Fortunately, Zume Pizza was able to move displaced employees into other jobs. But reality persists: these robots are performing functions that could have been performed by new hires.
So let’s use our ballots to tell our wannabe Warren Buffets in Salem, who think they know how businesses should be run, that robots are soon coming to pizza parlors near them.
Debunking Oregon’s glowing job growth
Dr. Eric Fruits
Oregon Economist
For much of the past year, economists employed by the State of Oregon have described the state’s employment growth as running at “full throttle.”…
The dictionary, however, says that to throttle means to choke.
More recently, Oregon employment is showing signs of choking.

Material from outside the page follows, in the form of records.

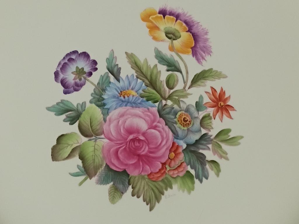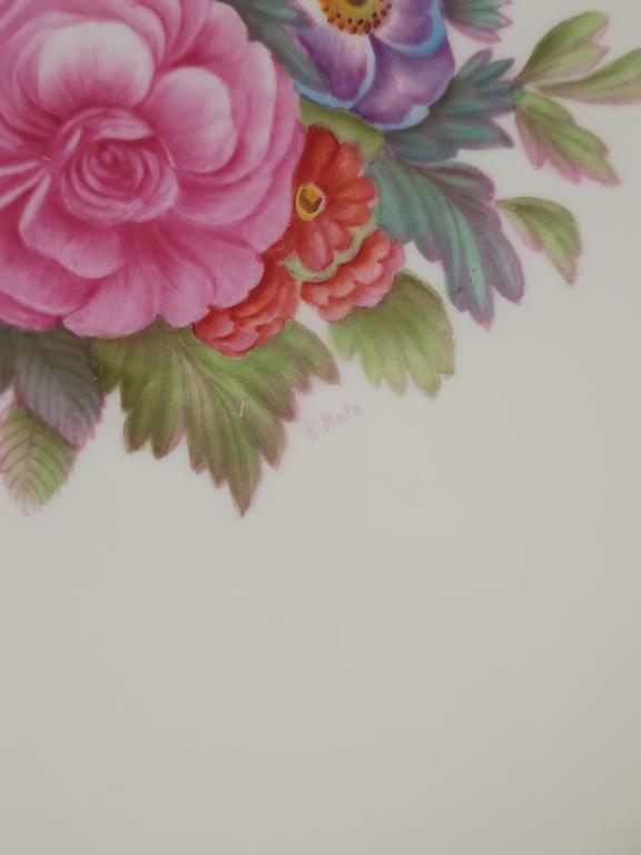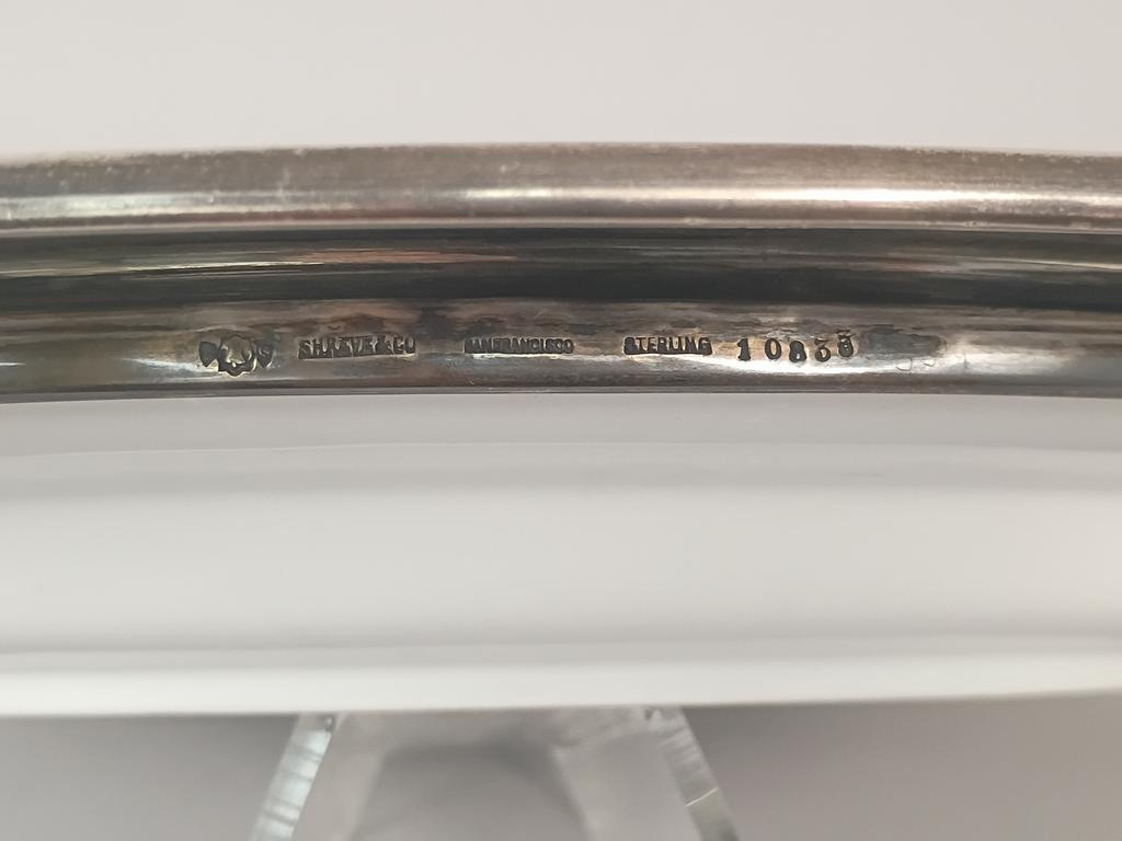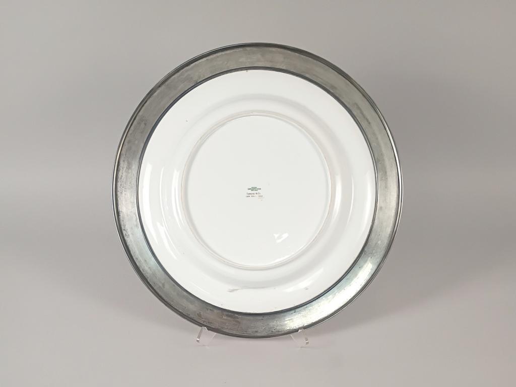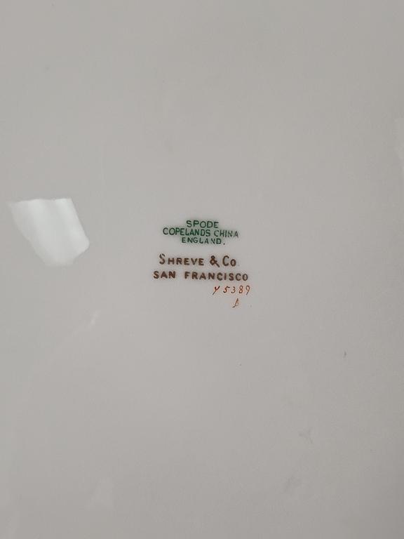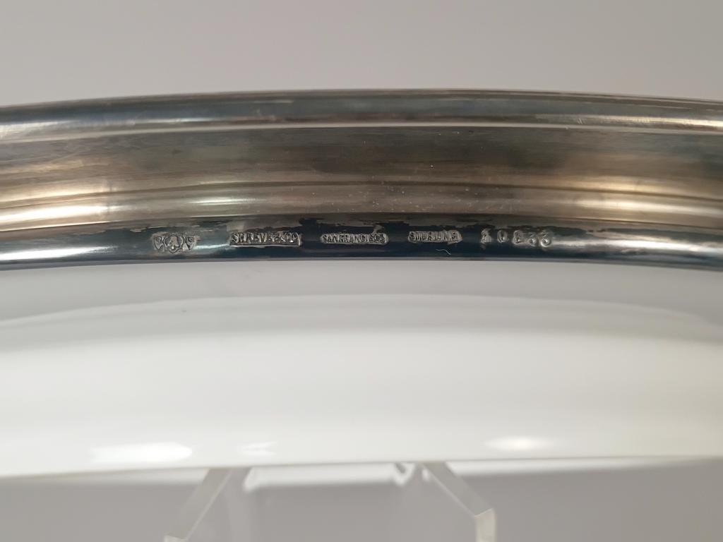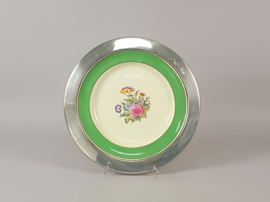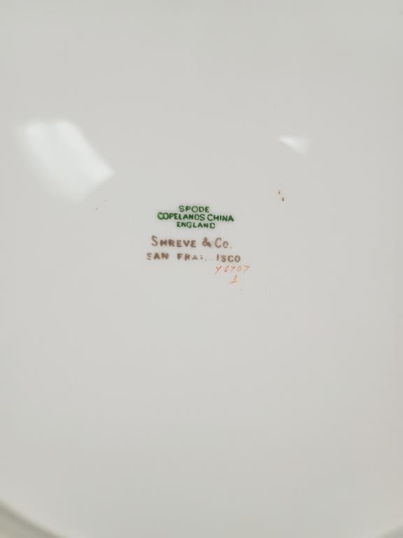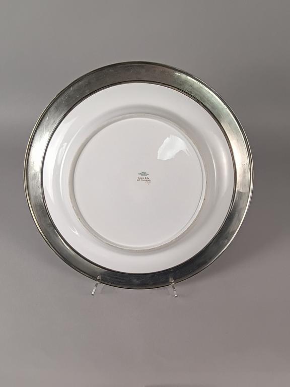 Pair of Shreve & Co. Sterling Silver mounted Spode Copeland chargers with central floral spray, red and green borders. 17" diameter.
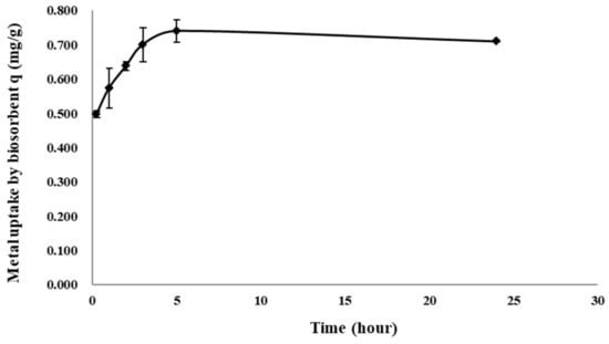 Effect of contact time on biosorption of Cd (biomass dosage: 5 g/L; Cd initial conc.: 4 ppm; temperature: 27 °C; pH: 5.0).
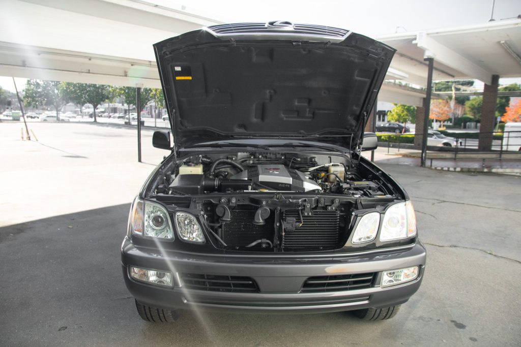 This 2007 Lexus LX470 is one of 400 Limited Edition examples produced for the model year, and it is finished in Black Onyx over Stone leather. Power comes from a 4.7-liter V8 paired with a five-speed automatic transmission, a dual-range transfer case, and a locking center differential. Additional equipment includes 18″ alloy wheels, Adaptive Variable Suspension with Adjustable Height Control, a sunroof, heated front seats, a DVD player with rear passenger screens, factory navigation, a Mark Levinson sound system, and third-row seating.
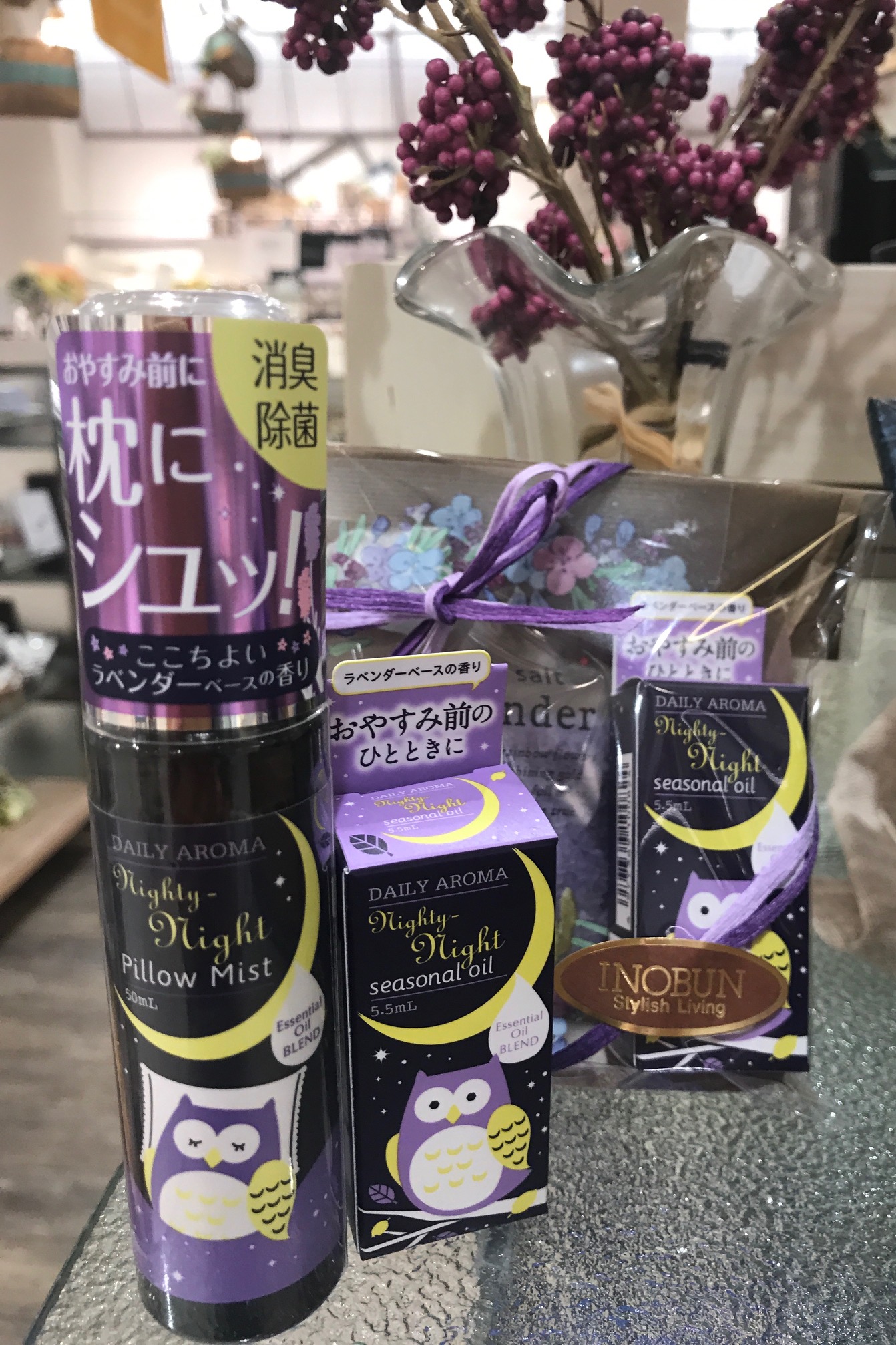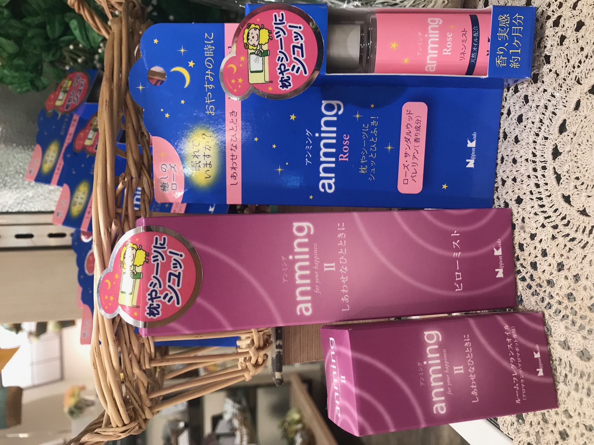 “おやすみ前のひとときに” ナイティーナイトシリーズより、 ピローミストと、アロマオイル。 ピローミストは、枕にシュッとして、 消臭・除菌もできる、優れもの! お次は、大人気、 アンミングシリーズ。 人気No.1

At 5.4 percent, the state’s unemployment is the 15th highest in the U.S. and one-half of a percentage point higher than the national unemployment rate….
Much of the doom, however, is self-imposed by Oregon policies that choke off job opportunities.
In July, Oregon began its march toward steep increases in the state’s minimum wage. The state forecasts 40,000 fewer jobs by 2025 because of the wage hike.
On top of that, Oregon voters will decide whether to pass Measure 97, a $3 billion tax on sales in the state. The state’s Legislative Revenue Office predicts that 38,400 private sector jobs will disappear if the measure passes…
Then, on top of that, Oregon legislators are promising to pass laws making it more difficult for employers to schedule their workers’ shifts…
We Respond & Your Comments
The only thing we’d add is a suggestion that you print this out, put it in your wallet/purse and read it again right before you vote.